Бежит асфальтовый ручей
У городской границы.
И девять тусклых этажей
Успели здесь прижиться.

К автобусам, почти пустым,
Из-за глухой ограды
Навстречу тянутся кресты,
Всему живому рады.

Клянутся многие жильцы
И дьяволом, и богом,
Что роют ночью мертвецы
Тоннель через дорогу.

Но стоит ли пласты земли
Крошить когтями робко,
Перемещаясь из-под плит
В панельную коробку.

 Полубрезгливо прочитав эти строки по памяти, - опустошаю фляжку. Водка идет туго. Мною и без нее овладевает какое-то благостное беспамятство, присущее кладбищенским наделам. Больно материальный характер носит их чересчур наглядная граница "между тем и этим светом".
 Почему люди - сами же придумавшие кладбища - относятся к ним с пренебрежительной опаской?
 Но оно и к лучшему. Будь кладбища не так страшны, где бы я тогда хоронился от жизни, - чтобы, поболтав с воронами, вернуться к ней заново?

 Кончается водка. Кончается беспокойство. Кончается терпение у покойников, уставших от скаредного одиночества живого человека.
 Мне по-прежнему за тридцать, - и это еще не каюк.
 Мне по-прежнему нравится Лена, - и это еще не любовь.
 Мне по-прежнему пора возвращаться...
 Куда?

14.

 Уже из такси звоню Тане. Они с Макаром в стриптиз-клубе (Таниному жениху не позавидуешь). Зовут присоединиться. Без раздумий соглашаюсь.
 Пока добираюсь до стриптиз-клуба - выясняется, что моих полуночников там нет. Они едут в гости к подруге Тани. К Свете. Услышав в трубке пункт их назначения, я почти теряюсь. Свету я не видел лет одиннадцать. Месяц назад она заглянула в Москву из Австралии. Она перебралась туда сразу после университета. А когда спала со мной, - даже утверждала, что по моей вине сделала первый аборт.
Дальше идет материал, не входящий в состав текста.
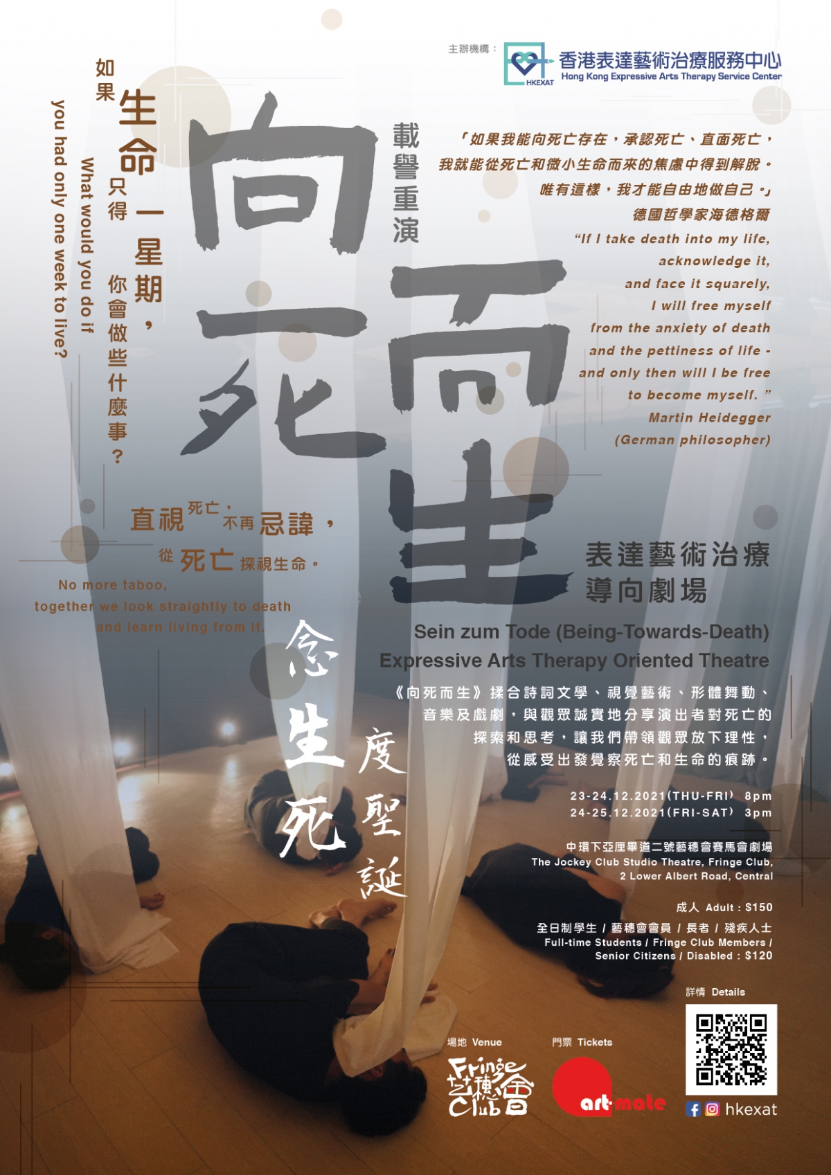 《向死而生》揉合詩詞文學、視覺藝術、形體舞動、音樂及戲劇,與觀眾誠實地分享演出者對死亡的探索和思考,讓我們帶領觀眾放下理性,從感受出發覺察死亡和生命的痕跡。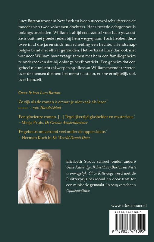 ‘Het verhaal van William’ van Elizabeth Strout gaat over Lucy Barton: wonend in New York, succesvol schrijfster en de moeder van twee volwassen dochters. Haar tweede echtgenoot is onlangs overleden. William is altijd een raadsel voor haar geweest. Ze is ooit met goede reden bij hem weggegaan. Toch hebben deze twee in al die jaren sinds hun scheiding een hechte, vriendschappelijke band met elkaar gehouden. Het verbaast Lucy dan ook niet wanneer William haar vraagt samen met hem een familiegeheim te onderzoeken dat hij onlangs heeft ontdekt. Een geheim dat een geheel nieuw licht zal werpen op alles wat William meende te weten over de mensen die hem het meest na staan, en onvermijdelijk ook over hemzelf.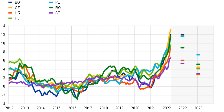 Le présent Rapport sur la convergence ne tient compte que dans une mesure limitée de l’incidence du conflit russo-ukrainien sur l’évaluation de la convergence. Il est trop tôt pour tirer des conclusions solides sur la manière dont les trajectoires de convergence seront affectées et sur la question de savoir si cet effet se matérialisera de façon symétrique ou asymétrique dans tous les pays concernés. Plus particulièrement, l’évaluation prospective de la convergence est entourée d’une grande incertitude et l’incidence globale ne peut être évaluée qu’ex post.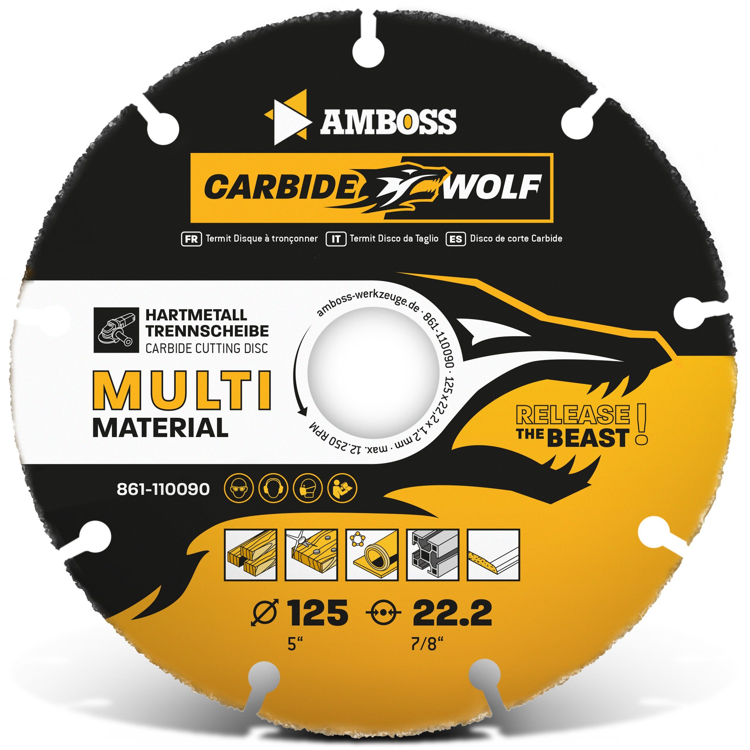 • SICHERHEIT: Die Carbide Wolf Trennscheibe ermöglicht rückschlagfreies Arbeiten. Hohe Sicherheitsstandards sind für Amboss Werkzeuge selbstverständlich, schließlich geht es um Dich
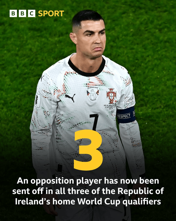 虎撲11月14日訊 世界杯歐洲區預選賽第五輪,愛(ài)爾蘭在主場(chǎng)2-0戰勝葡萄牙,世預賽的賽都C羅被罰出場(chǎng)。個(gè)主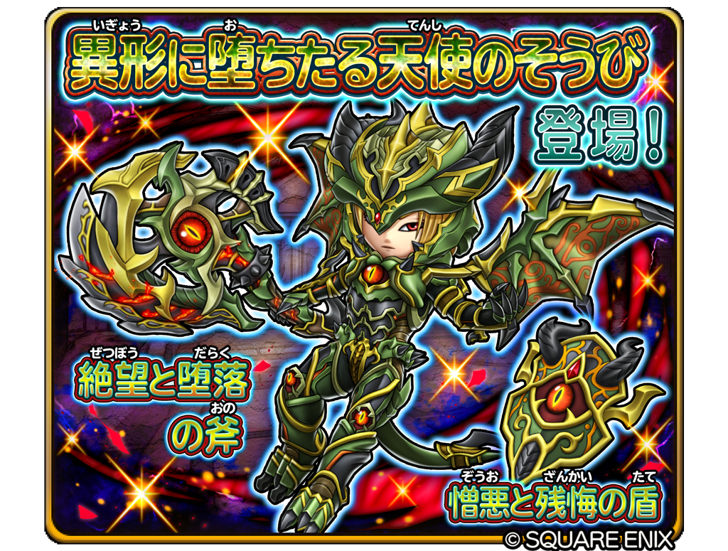 ループふくびき「異形に堕ちたる天使のそうび」では、「絶望と堕落の斧」「異形に堕ちたる天使のかぶと」「異形に堕ちたる天使のよろい上」「異形に堕ちたる天使のよろい下」「憎悪と残悔の盾」が登場。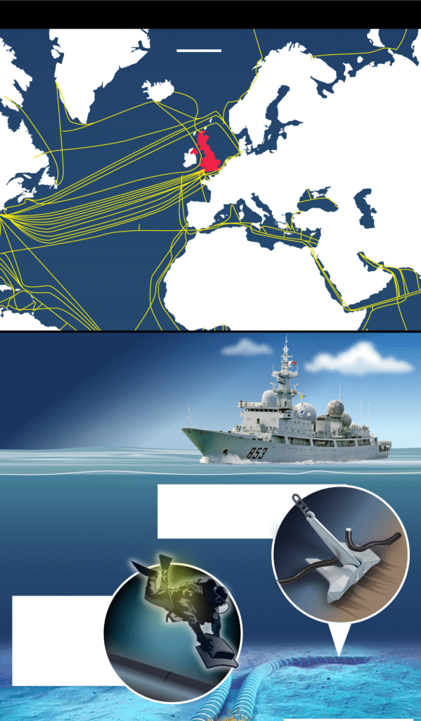 Një rrjet i ndërlikuar kabllosh nënujore që kalon nëpër brigjet britanike – kritik për komunikimin, tregtinë dhe sigurinë kombëtare – po rrezikohet nga sabotazhet e mundshme nga Kina dhe Rusia. Sipas një raporti të ri, Mbretëria e Bashkuar është “jashtëzakonisht e papërgatitur” për t’u përballur me kërcënime të koordinuara ndaj infrastrukturës së saj detare.

Благодаря этому, Таня верит в жизнетворное качество моего семени и допекает меня непристойными предложениями с остервенением гонной кошки.
 ...
 К Свете?
 К Свете.

 Приезжаю.
 Таня с Макаром еще в пути.
 В тесной двухкомнатной квартирке, оставленной экономной Светой на "черный день", встречаю, своих однокурсников.
 Если сложить годы, в течение которых я не видел каждого из них, получится не одна сотня лет.
 Вяло и с неподдельным равнодушием здороваюсь с живыми призраками прошлого. Светы среди них нет. Говорят, она в ванной; прихорашивается к приходу Макара Вильденрейтера.
 Устав проклинать Макара, иду на кухню. Чтобы найти чистую рюмку. Натыкаюсь на Свету. Она мне рада. Света не меняется. Все та же стервозная, эффектная потаскуха. Она так зажигательно облапила меня в прихожей, что я чуть не поддался искушению.
 Но Свету отвлекает звонок в дверь. Она больно щиплет меня за член и, поправляя лифчик, спешит открывать.
 Промешкавши у входа в гостиную, замечаю пришедшего. Наблюдаю, как Свете приходится его выпроваживать, - пихая ему в протянутую ладонь рулетик евро.
 Запираюсь в ванной. Дабы избежать нежелательных сексуальных контактов - до прихода Тани с Макаром.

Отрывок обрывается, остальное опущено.